_Assigned task_
In the entries below, identify every line with the string "Joker" and copy it.
--- Exercise data ---
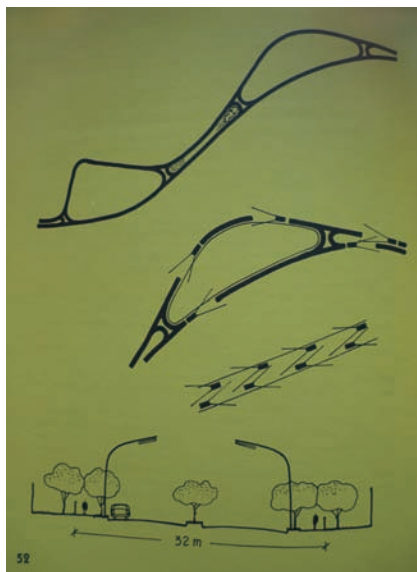
4. Diagramas que ilustran el Sistema Herrey. Imagen tomada de Pani, “México. Un problema, una solución”, op. cit. ( supra n. 8), p. 52. Fondo Mathias Goeritz. Archivo Cenidiap/INBA.

su papel como anuncio fue contundente con relación al éxito comercial del fraccionamiento. Las expectativas de sus inversionistas y promotores fueron rebasadas rápidamente. Al inicio de 1958, había ocho casas en Ciudad Satélite y se esperaba que en diciembre —conforme a un cálculo más que optimista— hubiera ya varias centenas de construcciones. 45 Es quizá esta fortuna comercial lo que llevó a Pedro Friedeberg a concluir en 1961 su “Relato histórico de la Torre” con un tono un tanto irónico y con el llamado “a los arquitectos y al pueblo de México en general, a seguir la alta tradición del pasado. Hay que construir torres cada vez más altas para el deleite del espíritu, del alma y de los negocios”. 46 Como se puede apreciar, los objetivos de la arquitectura emocional no riñeron con el mundo de la compra y venta de bienes raíces. La crítica que se podría dirigir al “negocio de la arquitectura emocional” continuó y se intensificó en los comentarios de Mauricio Gómez Mayorga, quien atribuyó a las Torres una práctica de “arquitectos dibujantes y publicistas” a la que llamó
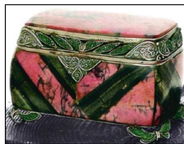
Рис. 4. В.С. Безбородов. Шкатулка «Классическая». 1993 г. Нижнетагильский музей изобразительных искусств

В.С. Безбородов использует мельхиор и никель в технике филигрании иковки. По его мнению, эти техники органично сочетаются с природным камнем. Включение гнутого и кованного металла в ювелирные изделия является не просто обрамлением камня, а следование художественному стилю в традициях камнерезного искусства. Пластично выраженный металл, природная фактура и резьба по камню являются средствами для создания художественного образа (рис. 5-7 58 ).
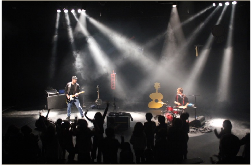
Nos jeux ont des oreilles - Cie La Goulotte
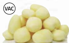
Krögarpotatis 21007, vac, 32-42 mm, 7 kg
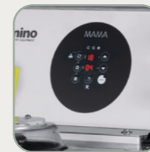
Cyfrowy wyświetlacz MAMA 15/30/80/120 Display digitale per MAMA 15/30/80/120

MAMA 15 / 30 / 80 / 120 MAMA 15 TOUCH / 30 TOUCH / 80 TOUCH / 120 TOUCH / 300 TOUCH
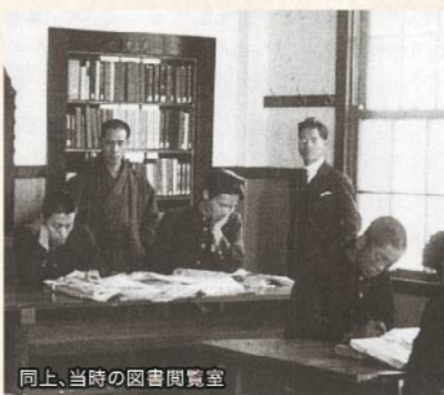
同上、当時の図書閲覧室
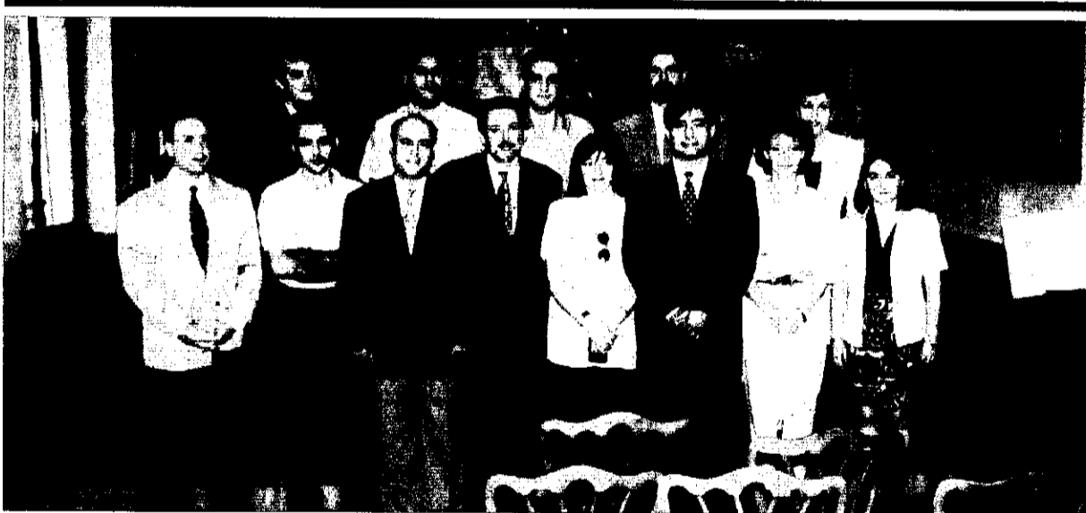
Ediles que forman la corporación municipal del Ayuntamiento de Picanya.
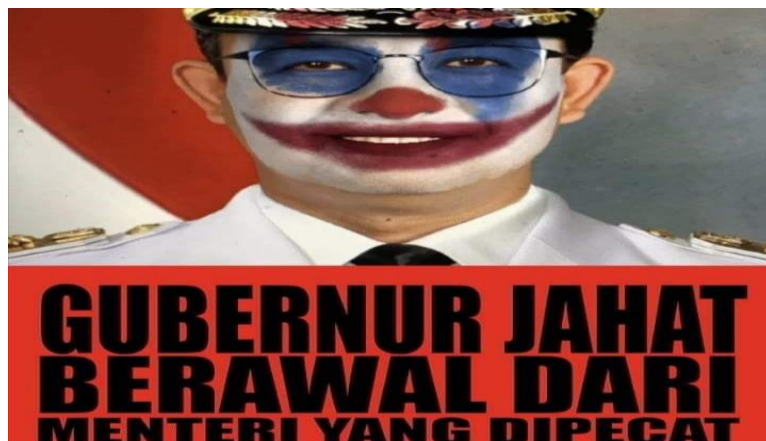
Gambar 4.17 Meme Joker Anies

Gambar 4.17 merupakan meme Anies Baswedan, wajahnya dibuat sedemikian rupa hingga menyerupai karakter Joker. Terdapat tulisan yang menyindir kedudukan Anies Baswedan. Pada dasarnya meme ini ditujukan sebagai bentuk kritikan kepada Gubernur Jakarta Anies Baswedan. Meme ini diunggah oleh Ade Armando pada akun Facebook pribadinya, setelah dilaporkan ke Polisi, ia memberi pengakuan bahwa bukan dia yang membuat meme tersebut. 98
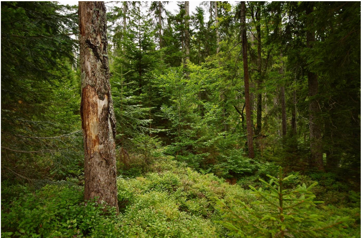
Abb. 31: Lichte Beerstrauchreiche Nadelwälder der Alpen

In diesem Lebensraumtyp werden sieben unterschiedliche Waldgesellschaften unterschieden. In der natürlichen Waldzusammensetzung Bayerns kommen Fichtenwälder in den östlichen Mittelgebirgen, im südlichen Alpenvorland und in den Alpen vor. Die Fichte ( Picea abies ) kann bei Jahresmitteltemperaturen von 3 bis 4°C zur Hauptbaumart werden. Die klimatischen Voraussetzungen für (höhen-) zonale Fichtenwälder sind nur in der tiefsubalpinen Höhenstufe der Bayerischen Alpen (oberhalb von 1.400 bis 1.500 m ü. d. M.) und des Inneren Bayerischen Waldes (oberhalb von 1.100 bis 1.200 m ü. d. M.) erfüllt. Natürliche Fichten- und Fichten-Tannenwälder finden sich aber auch azonale, wie im vorliegenden FFH-Gebiet, in submontaner (und montaner) Lage auf Sonderstandorten wie (kaltluftführenden Blockhalden,) wechselfeuchten oder ganzjährig feuchten Wasserüberschussstandorten. Die Bezeichnung „bodensaure“ bezieht sich nur auf die Tendenz zur Bildung von saurem Auflagehumus (Rohhumus oder Tangel). Das Bodenausgangssubstrat kann sauer, intermediär oder kalkhaltig sein. Im FFH-Gebiet ist ausschließlich die azonale Ausprägung des Subtyps „9412“ Hainsimsen-Fichten-Tannenwald (Luzulo-Abietetum) auf sauren, (wechsel-)feuchten Mineralböden mit Auflagehumus vertreten.
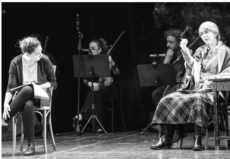
Jelenet a Jiddis? című, inkább különleges, mintsem jó előadásból
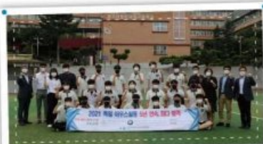
5년간 아우스빌을 전국 최다합격(83명)!
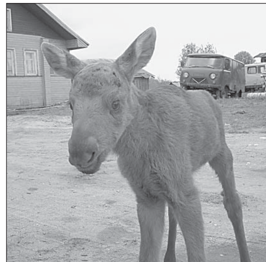
Лосенок Маня, подобранная сердобольными людьми в Шелотах.
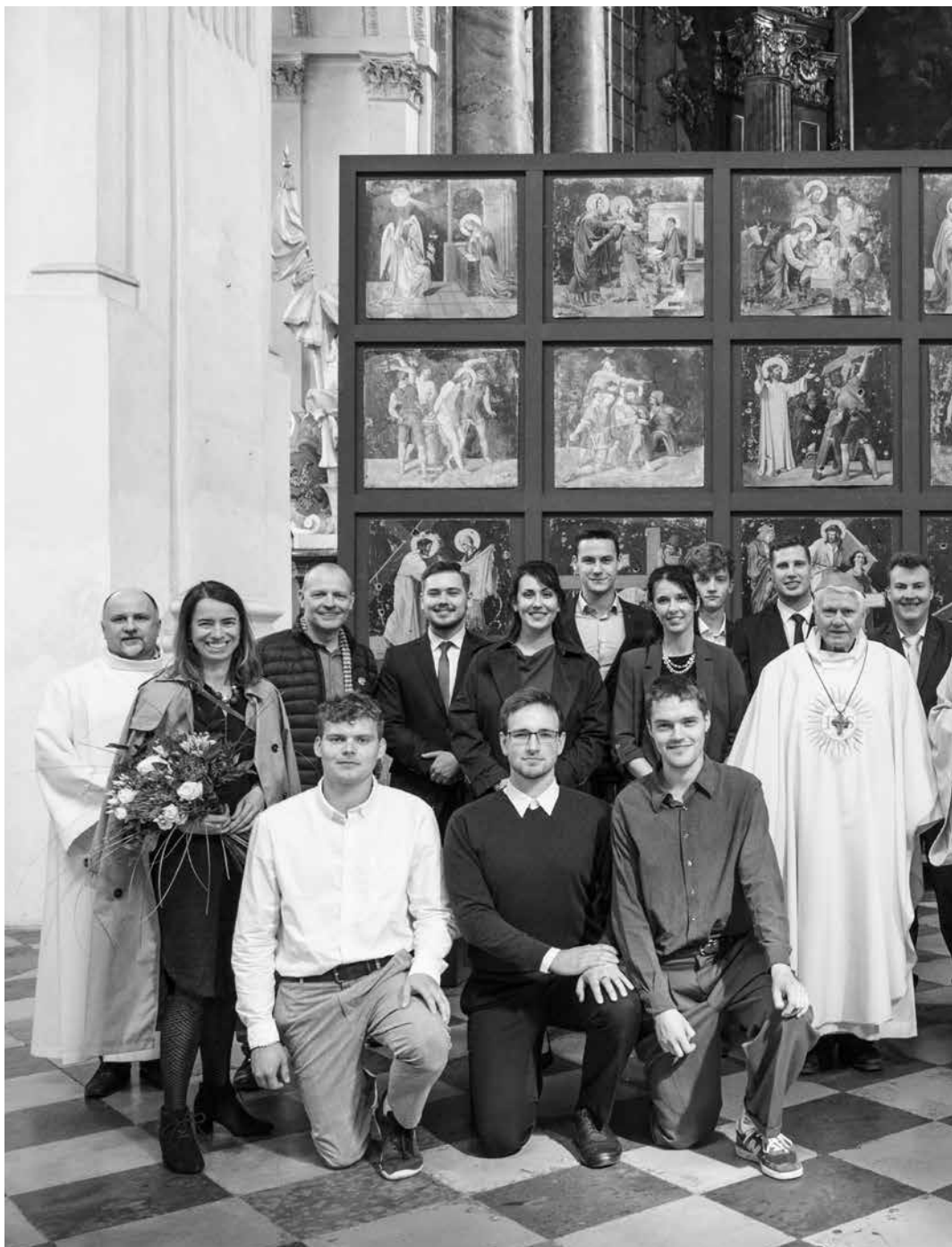
Břmování s biskupem Mons. Václavem Malým 14. dubna 2024 aneb „vrh pětadvaceti“
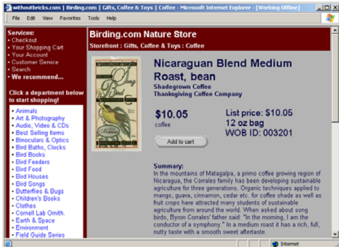
Ejemplo de anuncio en el internet, donde se vende café de sombra de Nicaragua para consumidores principalmente en los Estados Unidos.

Se ha demostrado en otros estudios (en otros países de Latinoamérica) que fincas de café orgánico bajo sombra bien manejadas, contienen una diversidad de aves casi igual a un bosque virgen (entre otros: Wunderle 1998). Como cultivo agrícola, es dudoso que exista otro cultivo como el café bajo sombra, que permite la convivencia de tantas especies silvestres de aves. Los estudios científicos, además de demostrar esa correlación, demuestran la importancia de la composición de especies de árboles de sombra, al igual que la estructura (altura, grado de poda etc.) de la sombra de las fincas.
---
_Output below_
Gambar 4.17 Meme Joker Anies
Gambar 4.17 merupakan meme Anies Baswedan, wajahnya dibuat sedemikian rupa hingga menyerupai karakter Joker. Terdapat tulisan yang menyindir kedudukan Anies Baswedan. Pada dasarnya meme ini ditujukan sebagai bentuk kritikan kepada Gubernur Jakarta Anies Baswedan. Meme ini diunggah oleh Ade Armando pada akun Facebook pribadinya, setelah dilaporkan ke Polisi, ia memberi pengakuan bahwa bukan dia yang membuat meme tersebut. 98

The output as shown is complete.